David Kudler (born 1962) is an American editor and author. He is best known for editing numerous posthumous editions of the books by Joseph Campbell, including Pathways to Bliss and the 2008 edition of The Hero with a Thousand Faces.

For the Joseph Campbell Foundation, he served as the managing editor of the Collected Works of Joseph Campbell series for over twenty years. In 2012, he started Stillpoint Digital Press, producing print, ebook and audiobook editions.
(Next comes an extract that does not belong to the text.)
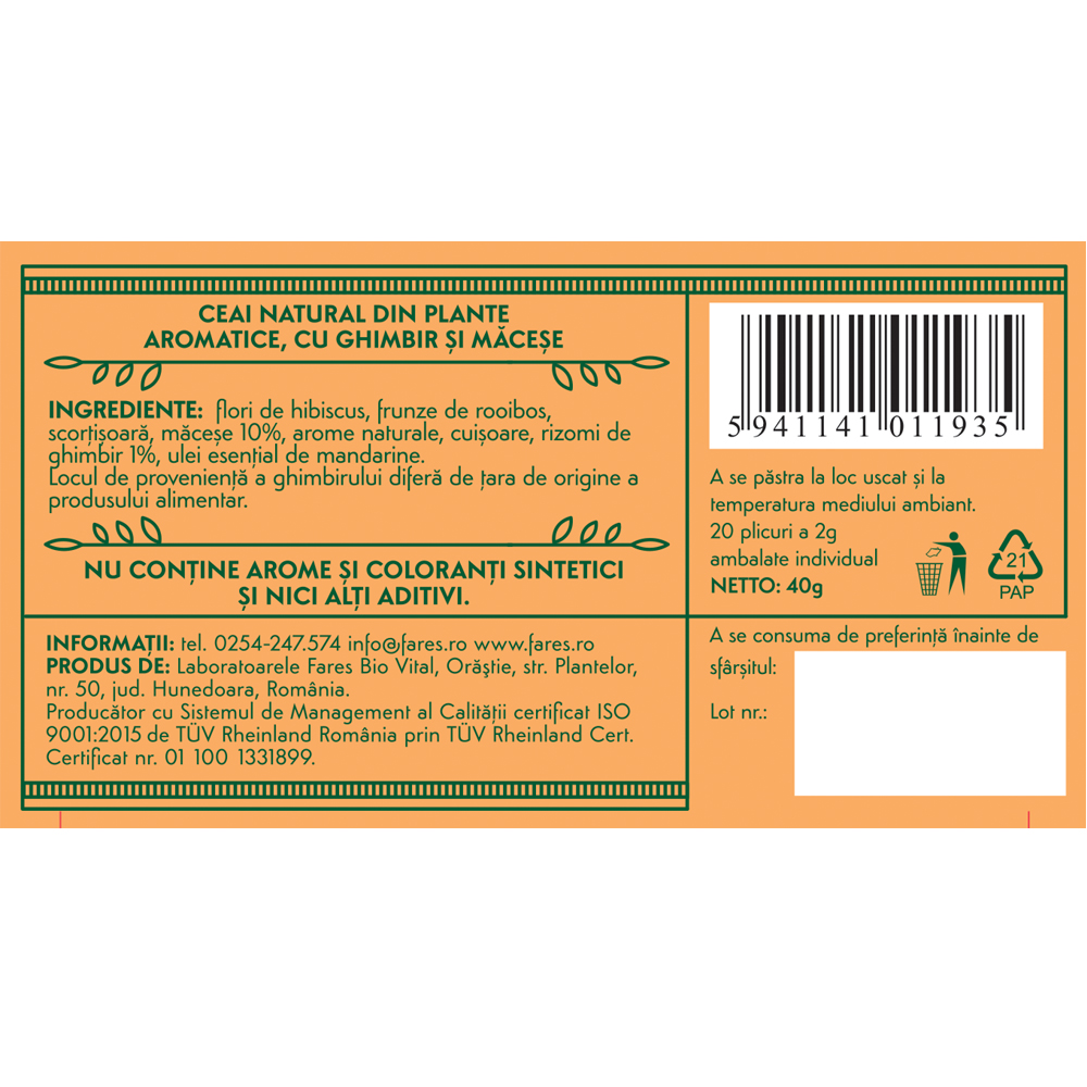 Flori de hibiscus, frunze de rooibos, scortisoară, măcese 10%, aromă naturală, cuișoare, rizomi de ghimbir 1%, ulei esențial de mandarine.

He has contribute to Huffington Post, Medium, and a number of other websites, writing mostly about books and publishing.

His young adult historical adventure novel Risuko was published in June, 2016. Bright Eyes, the second book in the Seasons of the Sword tetralogy, came out on May 5, 2022. He's said that he's working to complete Kano, the next book in the series, by March, 2024.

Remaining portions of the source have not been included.